Jalannya pertarungan diiringi gamelan sasak yang terdiri dari tabuhan gendang, suling, gong, dan rincik dalam tempo cepat. Tembang yang dibawakan merupakan tembang khusus perisean yang beraura mistis. Tembang itu biasanya akan mendongkrak semangat bertarung dan mengurangi rasa sakit akibat sabetan rotan.

Perisean akan dihentikan, apabila salah satu pepadu mengeluarkan darah atau dihentikan pekembar. Jika hingga 3-4 ronde kedua pepadu masih sama kuat, pekembar akan menyatakan hasil seri. Selesai pertarungan pepadu tak pernah membawa dendam ke luar arena. Menang atau kalah, seusai bertarung, kedua pepadu pasti bersalaman dan berpelukan. Segalanya dimulai dan selesai di dalam arena.

Pertarungan perisean disakralkan, sehingga perisean tak digelar sembarang waktu. Pada masa sekarang, perisean diadakan menjelang perayaan-perayaan khusus, seperti ulang tahun kemerdekaan (17 Agustus), hari jadi kabupaten/kota, atau menjelang Ramadhan.


35. Rabanga

Daftar Permainan Tradisional Provinsi Nusa Tenggara Barat (NTB)

Daftar Permainan Tradisional Provinsi Nusa Tenggara Barat (NTB)

Rabanga adalah Satu dari bermacam permainan anak pedesaan Sumbawa. Sebelum dilulai, anak-anak akan mengumpulkan biji mete sebanyak-banyaknya untuk beradu ketangkasan membidik. Permainan rabanga ini sederhana saja.
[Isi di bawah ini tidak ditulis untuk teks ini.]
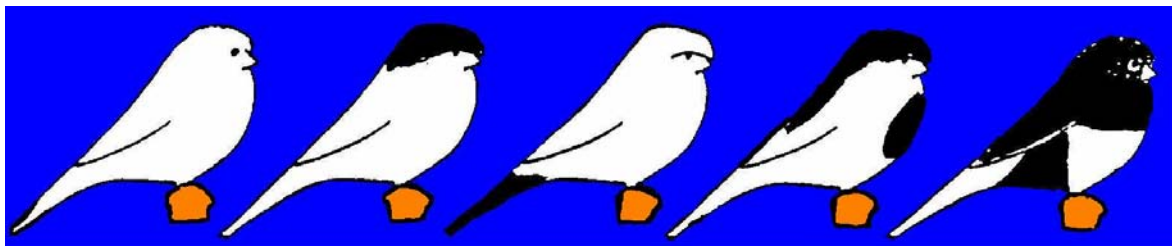
Classes 1 a 8 e 26 a 33

Os casos não previstos são resolvidos por decisão da comissão organizadora tendo em conta o disposto na lei geral Portuguesa.
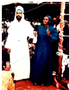
Apparition de Maitreya à Nairobi photo du Kenya Times, 1988

Depuis plus de trente cinq ans l'écrivain et conférencier Benjamin Creme prépare la voie pour le plus grand événement de l'histoire : « l'émergence » de Maitreya l'Instructeur mondial, et de son groupe, les Maîtres de Sagesse ».
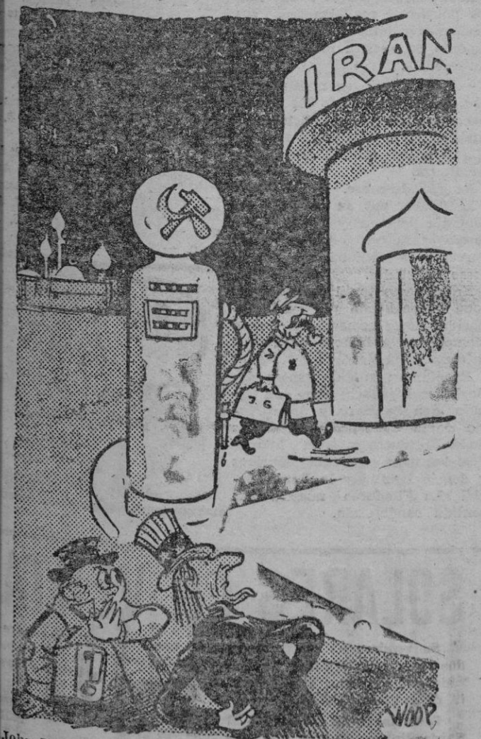
John Bull y el Tío Sam: No se puede tolerar que Stalin se instale aquí

WASHINGTON, 10 (Efe). — De fuente bien informada se dice que los aliados occidentales han resuelto sus diferencias con el régimen comunista de Tito y que pronto le concederán 93 millones de dólares en un nuevo programa de ayuda económica y militar.
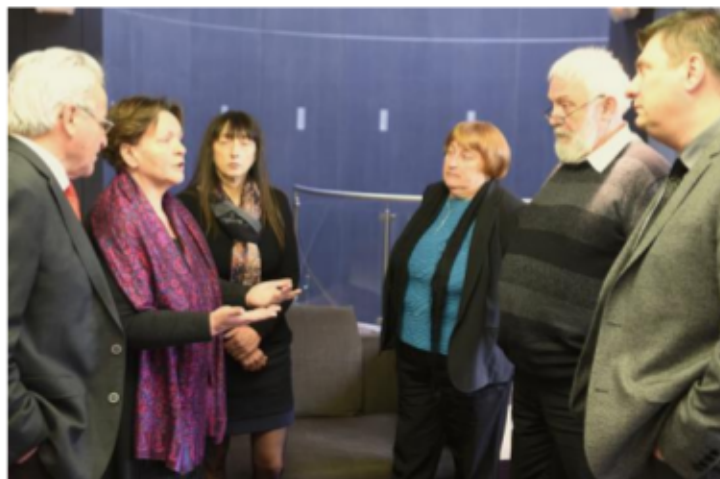
Une fois n'est pas coutume, la minorité a voté contre cette décision de fermeture des collèges.

« Il aurait été plus simple de mettre la poussière sous le tapis, d'attendre que l'Éducation nationale nous soumette ses prescriptions. Je n'ai pas fait ce choix. J'assume mes responsabilités. »
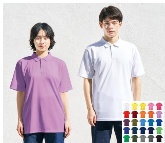
ドライポロシャツ
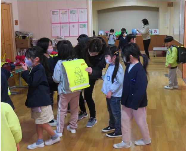
～ランドセルを背負ってみよう！～
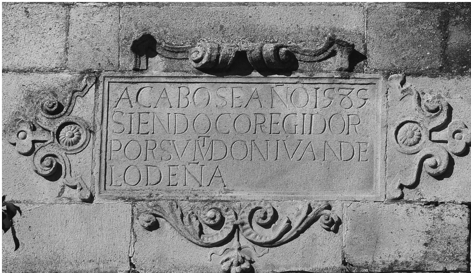
FIG. 2. Trujillo. Alhóndiga Nueva. Cartela conmemorativa de su terminación. 1589.
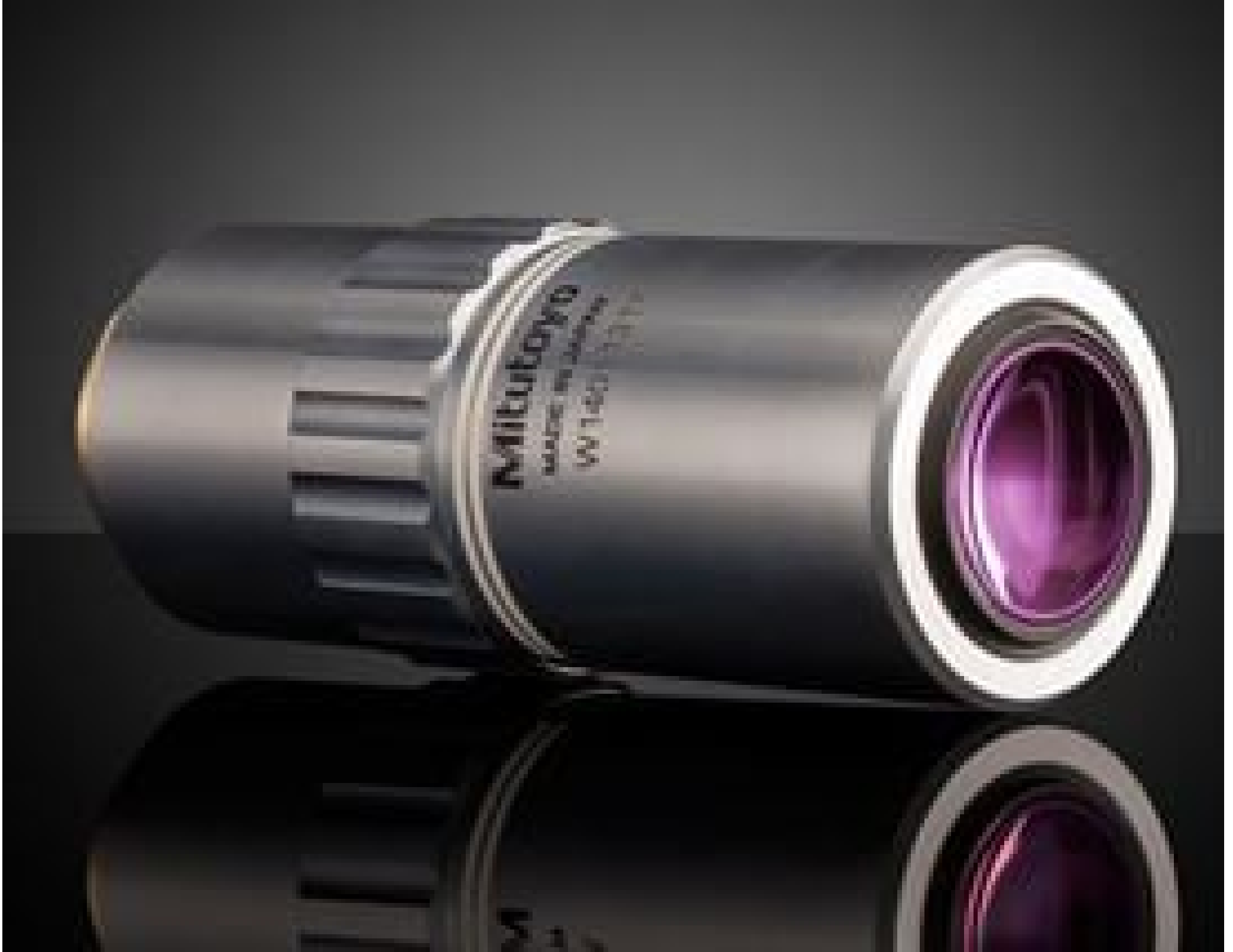
100X Mitutoyo Plan Apo SL Infinity Corrected Objective, #46-401
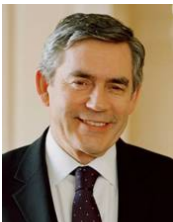
Gordon Brown

De voormalige Britse premier Gordon Brown heeft politieke leiders opgeroepen om een ‘tijdelijke vorm van een wereldregering’ (Nieuwe Wereldorde) op te richten om het Wuhan-virus te bestrijden. Het is niet zo vreemd dat Brown deze uitspraak doet want hij heeft net als een groot aantal andere figuren het ” International Visitors Leadership program ” gevolgd in Amerika bij het “Bureau of Educational and Cultural Affairs” waar ze zijn klaargestoomd om de Elite (globalisten) te dienen . Honderden politieke leiders hebben hier een opleiding genoten waaronder de voormalige Britse premier Tony Blair en de Nederlandse premier Balkenende die de opleiding in 1985 heeft gevolgd gelijktijdig met de voormalige Franse leider Nicolas Sarkozy. Doelstelling van deze opleiding is wereldwijd de reeds bestaande macht van de Globalisten te stabiliseren om op deze manier hun doelstellingen verder te concretiseren, het installeren van een “Nieuwe wereldorde”. Zo ziet Brown het Wuhan-virus kennelijk bij uitstek een middel om dit systeem wereldwijd te installeren omdat het virus inmiddels de hele wereld omvat. Klik hier voor een artikel over 42.000 doden in Wuhan.
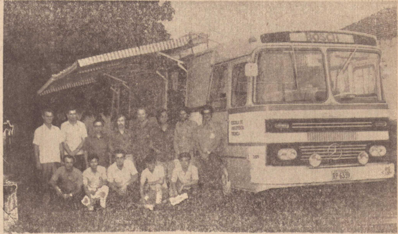
Esta é a Escola de Assistência Técnica Volante da BOSCH, que está em Pres. Prudente desde ontem, ministrando cursos sob o patrocínio da RADIPEL, de Nogueira, Fioresi & Cia. Ltda.

O Ônibus-Escola encontra-se estacionado ao local da RADIPEL — Rede Distribuidora de Pe-
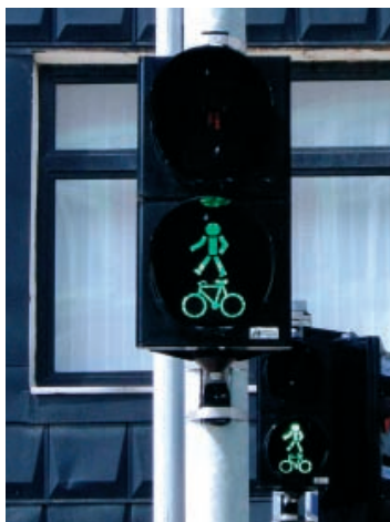
Wspólny sygnalizator dla pieszych i rowerów w Elku.

Bardzo często budowa drogi dla rowerów wykorzystywana jest jako okazja do gruntownych remontów sygnalizacji świetlnej na skrzyżowaniach, przez które przebiega ścieżka. Pod pretekstem konieczności
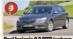
Opel Insignia 2.0 CDTI (univers.) masė/galia 15,45 kg/AG
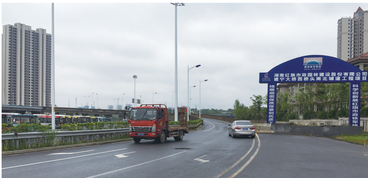
▲一辆小车逆行,驶往建宁大桥。

咨询电话: 聂炜律师,13973309857 张倩律师,18273396450 联系邮箱:421107511@qq.com 律师事务所地址:株洲市天元区庐山路323号明峰银座1栋14楼
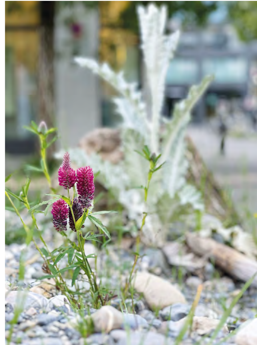
Rückeroberung - Ist der Asphalt weg, eröffnen sich Chancen für Flora und Fauna.
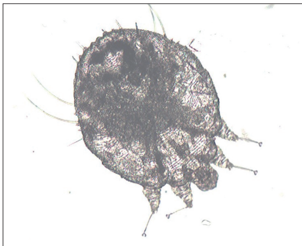
Obr. 5. Mikroskopický nález Sarcoptes scabiei (Danilla T.)

Mikroskopické vyšetrenie z líca aj z hlavy, z nánosov šupín z dlaní aj stupají preukázalo prítomnosť dospelých samičiek a vývojových štádií Sarcoptes scabiei (obr. 4, 5). U matky bolo mikroskopické vyšetrenie tiež pozitívne.
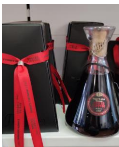
ΒOTTLE: 500ML Η ΦΙΑΛΗ ΔΕΝ ΕΙΝΑΙ ΔΙΑΘΕΣΙΜΗ
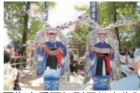
国指定重要無形民俗文化財 白鬚神社の田楽
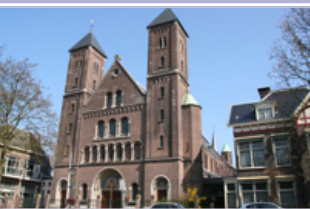
Kathedraal Ste Gertrudis en zalencentrum In de Driehoek (G) Willemsplantsoen 2, 3511 LA
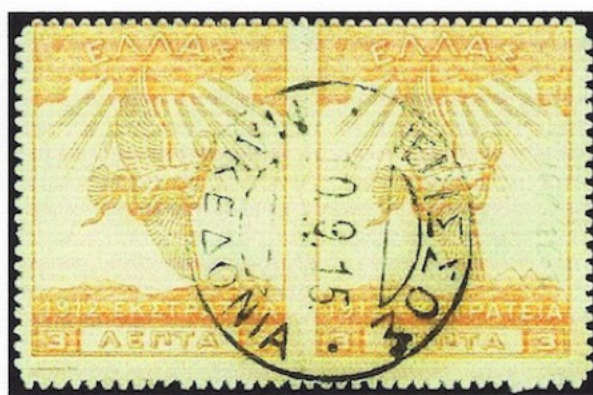
Γραμματόσημα της σειράς "Εκστρατείας" σφραγισμένα στο Ταχυδρομείο της Ιερισσού το 1913 και το 1915 αντίστοιχα.

Sejumlah anak berlomba mengeluarkan biji-biji jambu mete yang telah mereka tumpuk di atas tanah lapang dalam garis lingkaran berdiameter kurang lebih 1 meter dengan cara melemparkan batu taba yang terbuat dari pecahan genteng dibentuk bulat dengan diameter 4 hingga 5 centimeter. Taba dilemparkan masing masing anak secara berurutan berdasarkan undian yang disepakati. Biji mete yang keluar dari lingkaran menjadi milik sipembidik. Putaran permainan rabanga berakhir ketika biji mete telah habis dikeluarkan dari lingkaran. Pemenangnya adalah yang terbanyak mengeluarkan biji mete. Setelah puas bermain rabanga biasanya biji-biji mete itu dibakar untuk dimakan bersama sama. Baik yang menang maupun yang kalah mendapat bagian sama banyak.